Fire Affects Global Land Temperatures and Energy Flows by Restructuring Ecosystems
Fire is a global phenomenon that affects the biosphere and climate in complex ways. Only complex Earth system models (ESMs) can provide an integrated, consistent picture of these effects, which are not well understood. To address this, a scientist at the U.S. Department of Energy’s Pacific Northwest National Laboratory contributed to a study that compared “fire-on” and “fire-off” ESM simulations for the 20th century
This study provided the first quantitative assessment of fire’s influence on global land temperatures and energy flows, documenting the subsequent effect on terrestrial ecosystems.
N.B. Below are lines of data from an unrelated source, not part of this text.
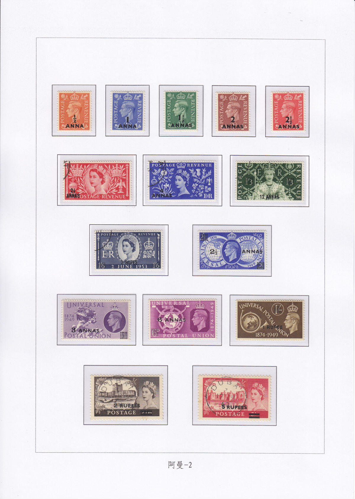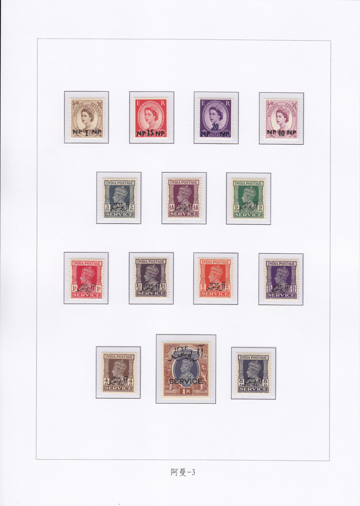 1944年11月20日,英国用印度邮票加盖阿拉伯文“马斯喀特”地名在马斯喀特和附近地区发行。1948年4月至1961年又用英国邮票加盖印度货币名称及免职数字继续发行,这批邮票未加盖地名,除在马斯喀特和附近地区使用外,还在阿拉伯联合酋长国的迪拜、阿布扎比、卡塔尔、巴林和科威特等地使用。1944年11月20日还用印度公事邮票加盖阿拉伯文“马斯喀特”作为公事邮票使用。
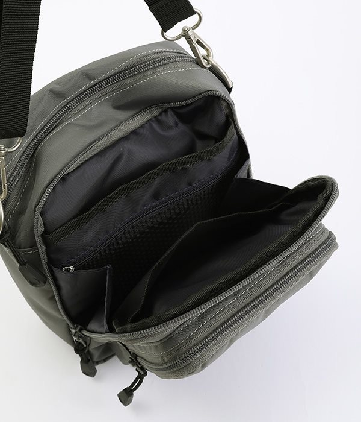 コロンとした立体的なスクエアフォルムが印象的なショルダーバッグ。コンパクトながら厚めのマチつきで、ちょっとしたお出かけの必需品をしっかり収納できる優秀アイテムです。メインの他に立体的なフロントポケット、さらにWファスナーで両開き可能なマチなしのポケットをあしらい、使いやすさにこだわりました。長さを自在に調整できるストラップつき。普段使いや旅行のサブバッグにもおすすめです。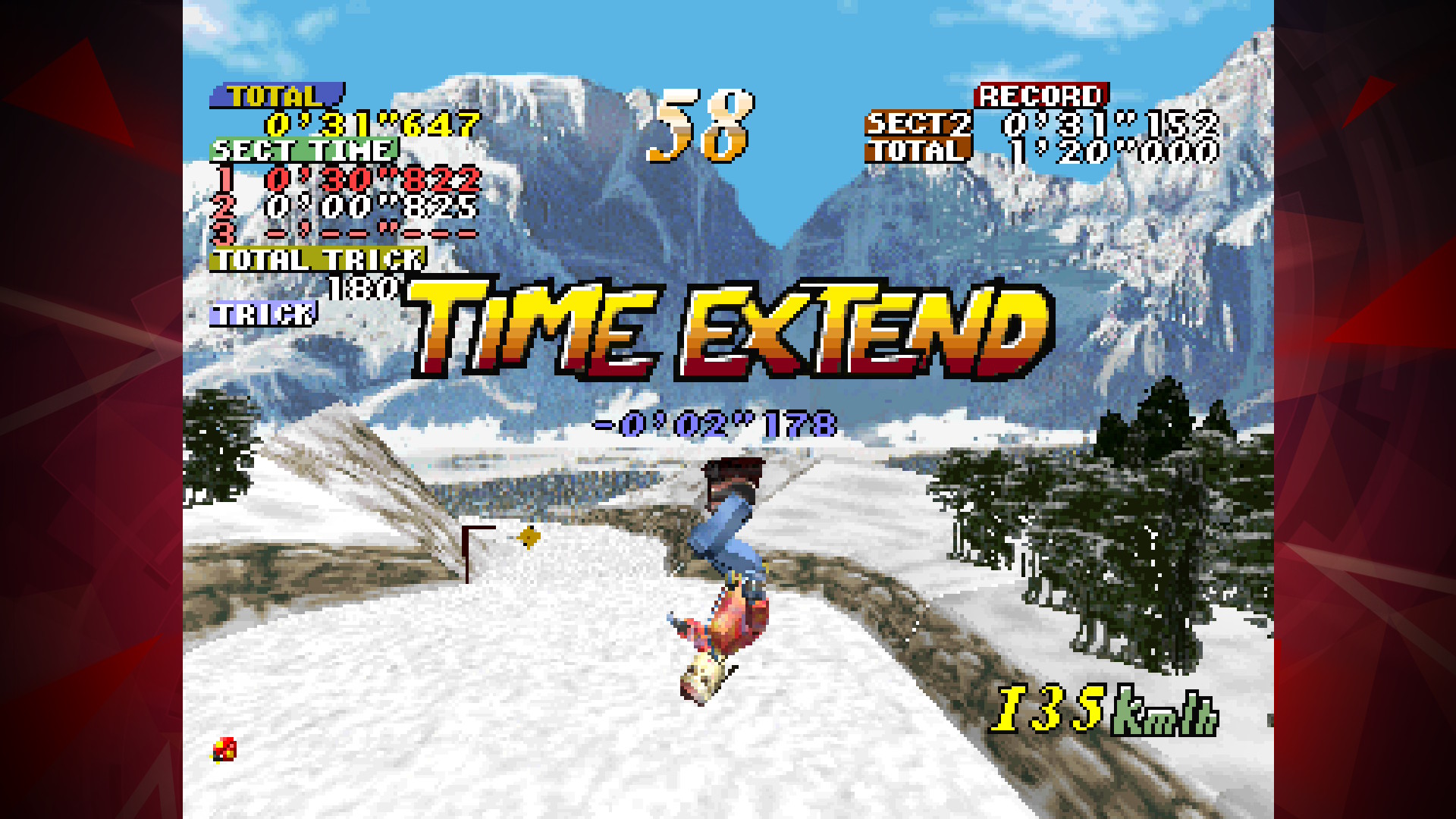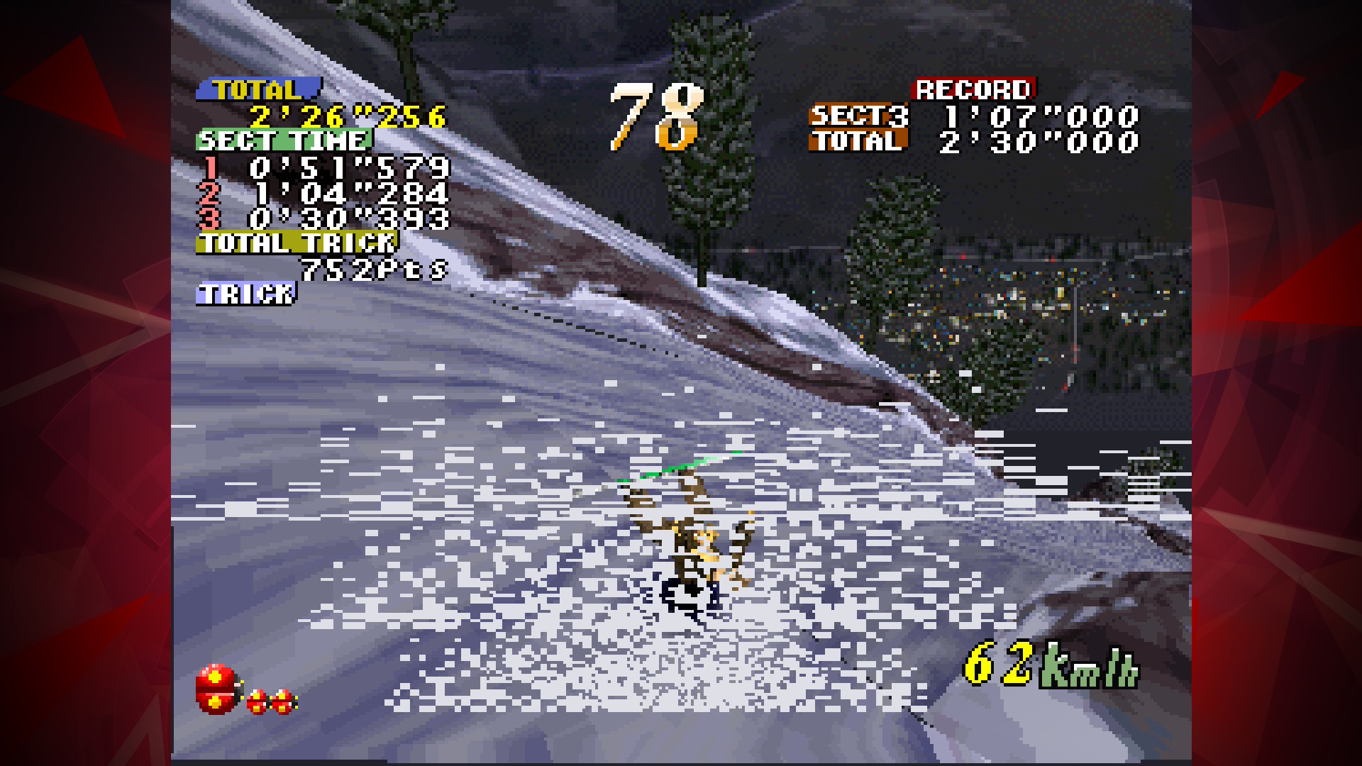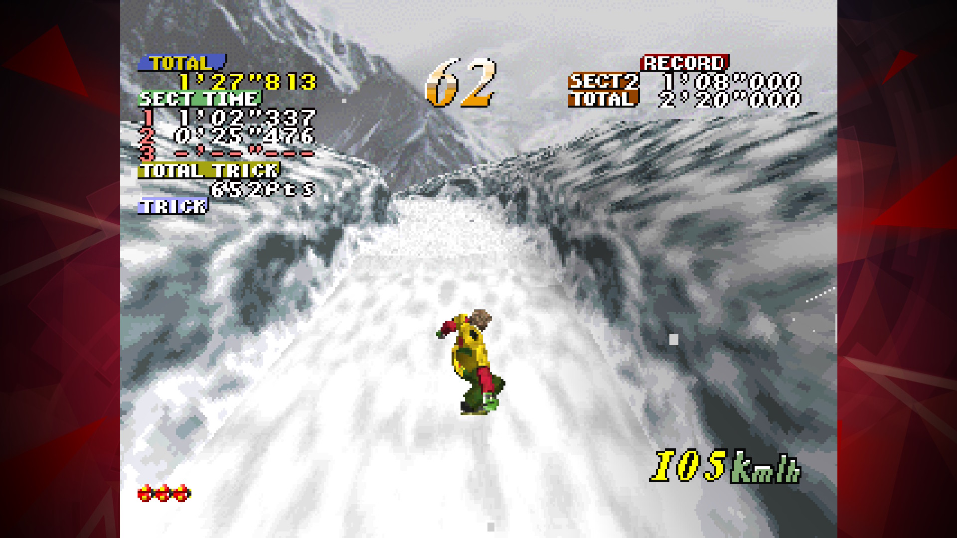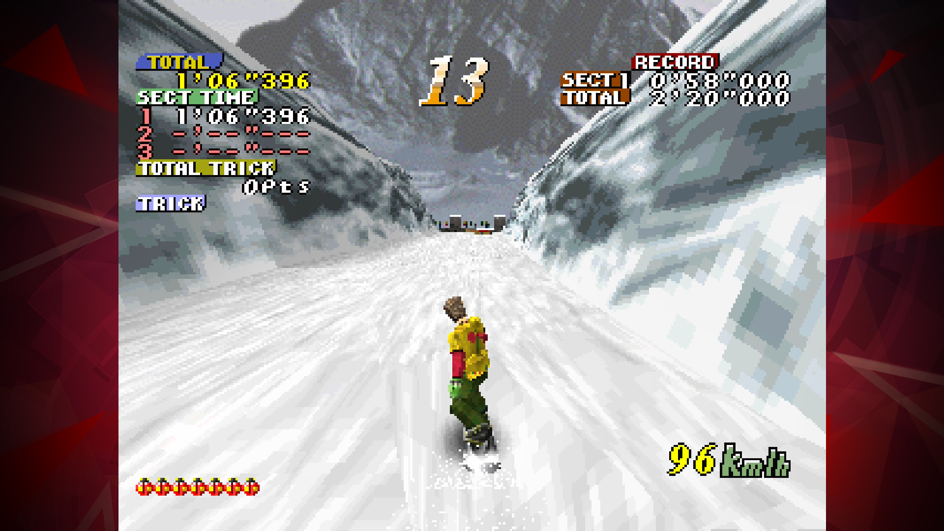 However, if the player turns too hard, or is over-reliant on the drifting, all speed can be lost while riding. It is also possible for the player hit the edges of the slopes, causing the rider to either bounce off or crash, losing speed and time. Managing to maintain a good speed is important to getting a good time, as each of the stages has section records and a full course record to beat. There is also a time limit for the run, which is extended by hitting checkpoints.

Knowing exactly how fire affects climate at a global scale—whether by sending smoke to the atmosphere, changing the light environment of ecosystems, or another mechanism—requires complex ESMs with realistic fire capabilities. Researchers in this study used the Community Earth System Model to provide the first quantitative assessment of fire’s influence on the global annual land surface air temperature and energy budget. The model simulates the Earth’s atmosphere, ocean, land, and sea ice. For the 20th century, fire-induced changes in terrestrial ecosystems significantly increased global land annual mean surface air temperature by 0.18 degrees Celsius, and decreased surface net radiation and latent heat flux (the energy carried away by the evaporation of water) by 1.08 W m−2 and 0.99 W m−2, respectively. However, the changes had limited influence on sensible heat flux and ground heat flux. Fire effects were most clearly seen in the tropical savannas. These results suggest that fire-induced damage to the vegetation canopy increases surface air temperature predominantly by reducing latent heat flux.